> **TASK GOAL**:
What you should end up with is an exact copy of the lines from the one holding "CIELab 60.592,46.465,1.619 Color" through the last line of the entries below, both included, and nothing else; leave every picture out.
** Opening DATA EXCERPTS block **
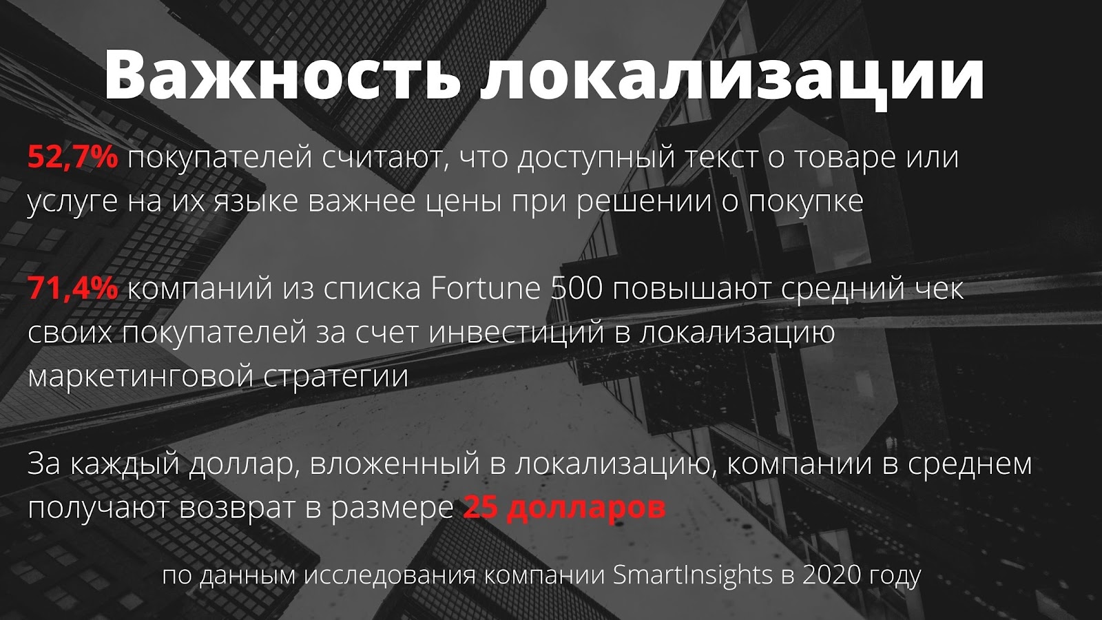 Именно через маркетинговую локализацию бренда выстраивается эффективная коммуникационная стратегия, которая позволяет доносить ценности и уникальность вашей компании до клиентов на их языке.
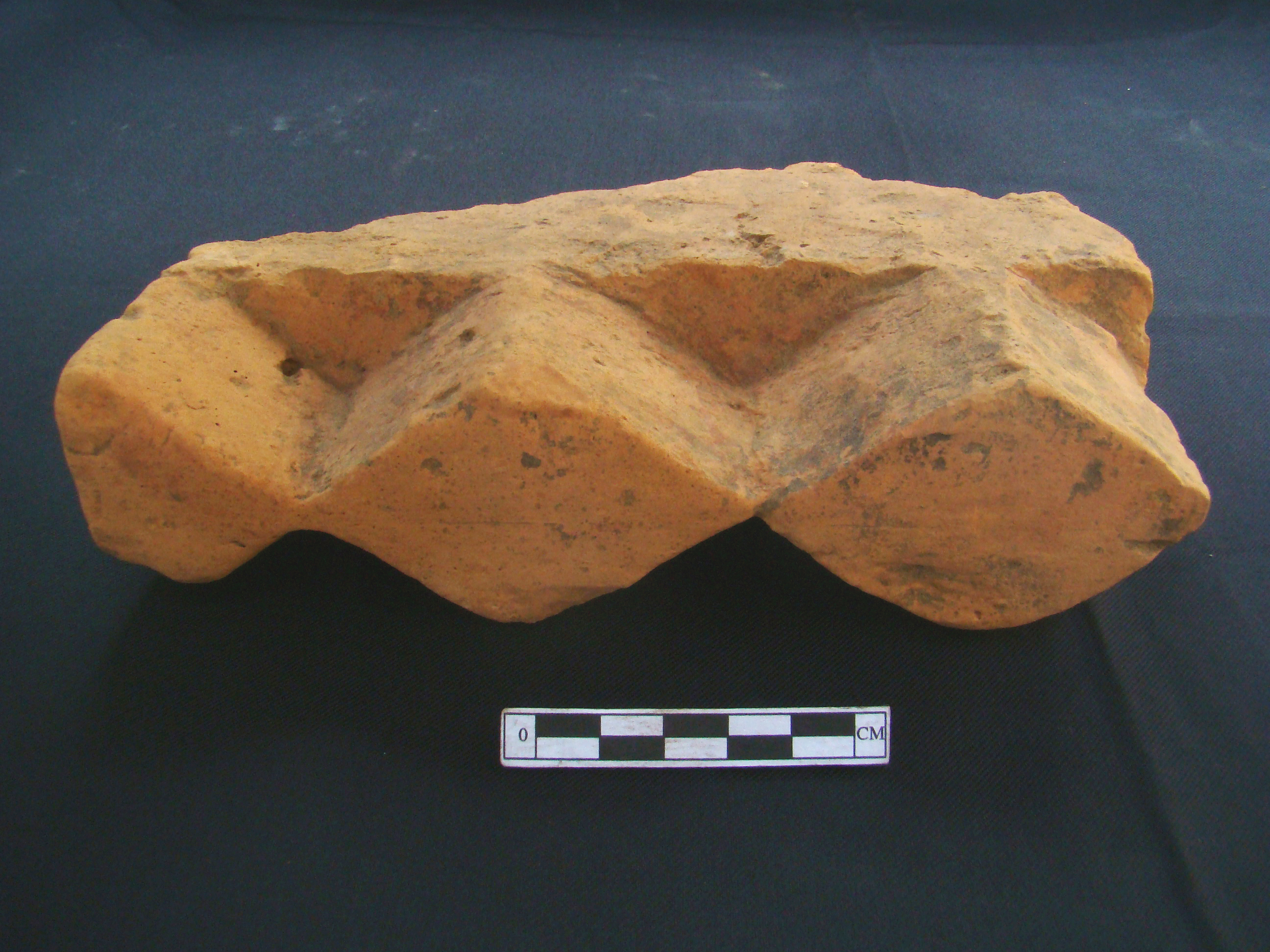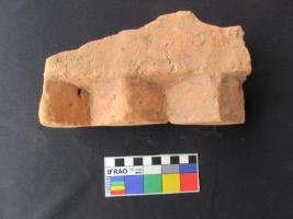 Moulded brick with three blocks of rhomboidal shape at one corner. It is light pink colour
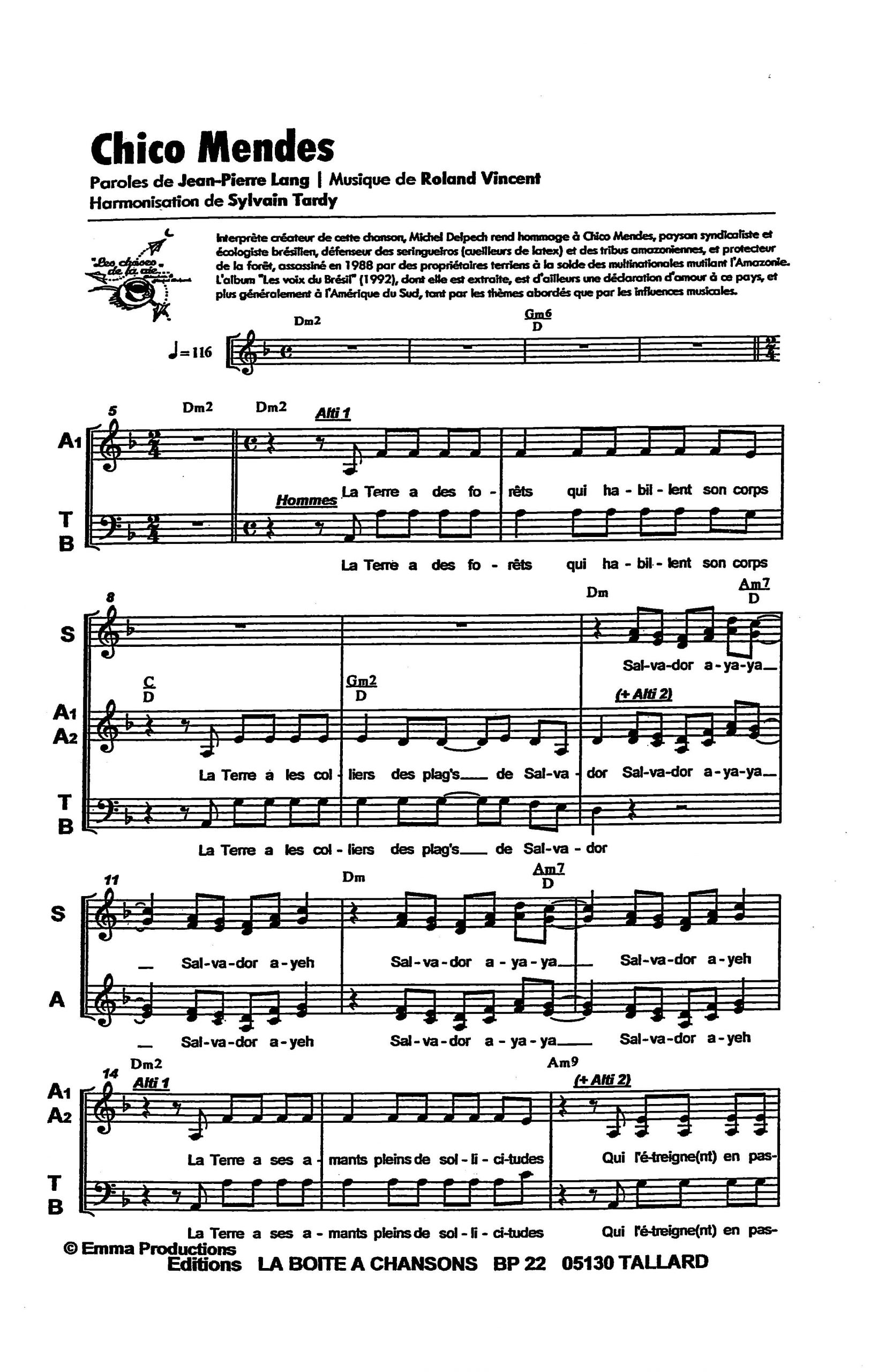 Paroles et musique de DELPECH Harmonisation : Sylvain TARDY
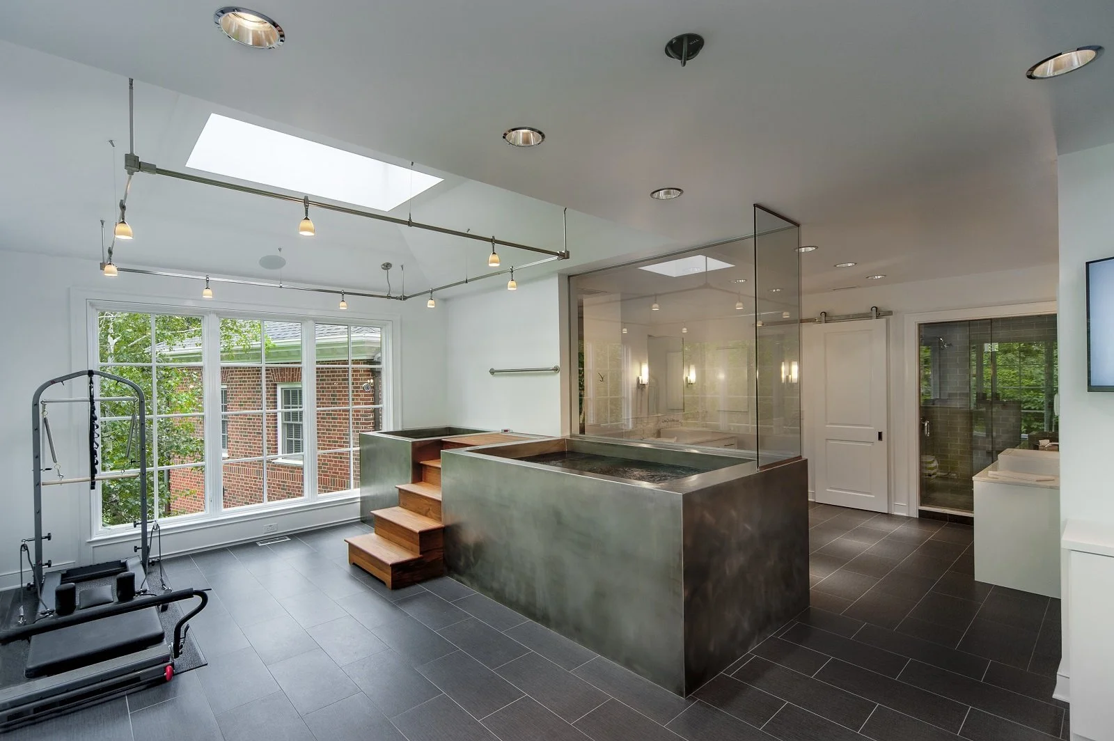 Technology kept discreet—hidden speakers for guided meditation or sound baths, small screens for virtual trainers, but never as the visual focal point.
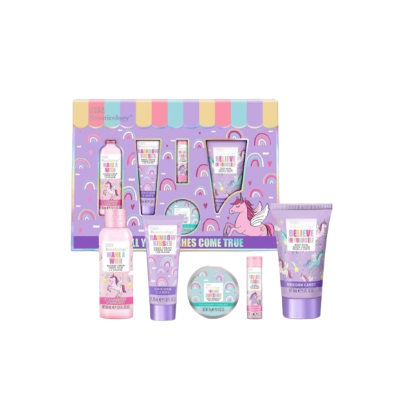 Cuernos de unicornio, relucientes frascos iridiscentes, sentimientos positivos y dulces aromas de ensueño, esta encantadora colección de baño está salpicada de fragancias dulces y afrutadas que aportan una sensación de magia al ducharse, frotarse las manos o sumergirse en una bañera. Extiende esas alas de unicornio y sumérgete en un baño de burbujas de ensueño o date una ducha persiguiendo arcoíris.Sea como sea, déjate llevar Beauticología.El kit de belleza perfecto que contiene 70 g de sprays de baño, 60 ml de crema de ducha, 50 ml de gel de baño, 30 ml de crema de manos y 5 g de bálsamo labial perfumado.
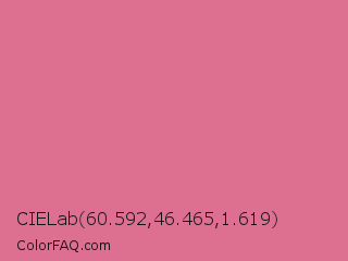 CIELab 60.592,46.465,1.619 Color is a light rose color and the nearest color is Pale Red Violet #db7093. Hex code #dd6f91 and RGB value is rgb(221,111,145). In RGB color space, this color is composed of 87% red, 44% green, 57% blue, In CMYK color space, this color is composed of 0% cyan, 50% magenta, 34% yellow , 13% black , In HSL color space, this color has a hue angle of 341° , 62% saturation and 65% lightness.
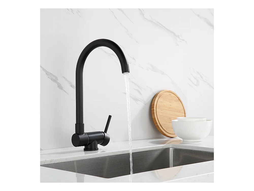 Mezclador Cocina con Ducha Extraíble Negro mate Rotativo a 360 °eN Acero Inoxidable Grifo Cocina Fregadero 2 Funciones Mezclador Cocina
** Closing DATA EXCERPTS block **
> **SOLUTION TO THE PROBLEM**:
 CIELab 60.592,46.465,1.619 Color is a light rose color and the nearest color is Pale Red Violet #db7093. Hex code #dd6f91 and RGB value is rgb(221,111,145). In RGB color space, this color is composed of 87% red, 44% green, 57% blue, In CMYK color space, this color is composed of 0% cyan, 50% magenta, 34% yellow , 13% black , In HSL color space, this color has a hue angle of 341° , 62% saturation and 65% lightness.
 Mezclador Cocina con Ducha Extraíble Negro mate Rotativo a 360 °eN Acero Inoxidable Grifo Cocina Fregadero 2 Funciones Mezclador Cocina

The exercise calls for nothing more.